Appellant claims that it was not negligent in the running of its switch train; that the placing of the car in the street, contrary to the ordinance, did not contribute to the accident, and that appellee was not entitled in law to recover, for the reason that he was guilty of contributory negligence. All these questions were submitted to the jury and we do not think it would be profitable here to discuss the evidence at length. It is sufficient to say that at the time the accident occurred, Railroad street was traveled by a great many people, the use of it having been increased by reason of the fact that River street, the next street east, was torn up for the construction of the electric road. The place where the accident occurred was on a sharp curve. There was a building next to the right of way about the point where the Esser switch leaves the “ Y,” some 200 feet from the crossing, and beyond that. point the “ Y ” track could not be seen from the crossing. The crossing was a dangerous one under the circumstances and should have been approached with due care. The majority of the witnesses who testified upon the subject, swore the train was running at from fifteen to twenty miles an hour at the time it struck appellee, and also that the bell was not ringing nor the whistle sounding at the time. The fact that the car was left standing upon a portion of the crossing appears to have been the cause of appellee’s driving off the end of the plank crossing on the “ Y ” and thereby causing part of the ties to fall off. Appellant was at the time acting contrary to the ordinance of the city both in regard to the rate of speed its train was running and in leaving the car in the street.

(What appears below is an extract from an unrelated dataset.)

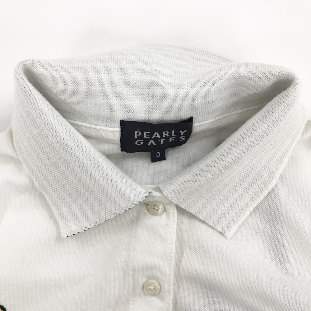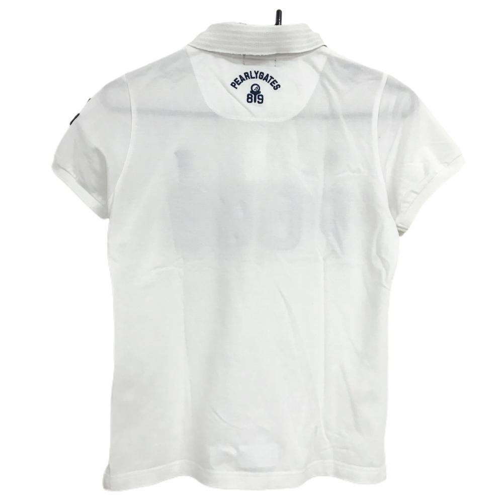 パーリーゲイツ 半袖ポロシャツ 白×ネイビー フェルトロゴ ニコちゃん スマイル レディース 0(S) ゴルフウェア PEARLY GATES

*467A man had been sent to flag the train and the parties engaged at the wagon had a right to suppose that the train men would approach that crossing with due caution, and would stop if possible, when they received a signal of danger. Whether appellee was at the time acting within the bounds of ordinary care and caution was a question of fact for the jury, and upon this and the other questions above noted it found for appellee. There was ample evidence to support the verdict and we can not find from the record that the court below erred in refusing to set it aside. The judgment is therefore affirmed.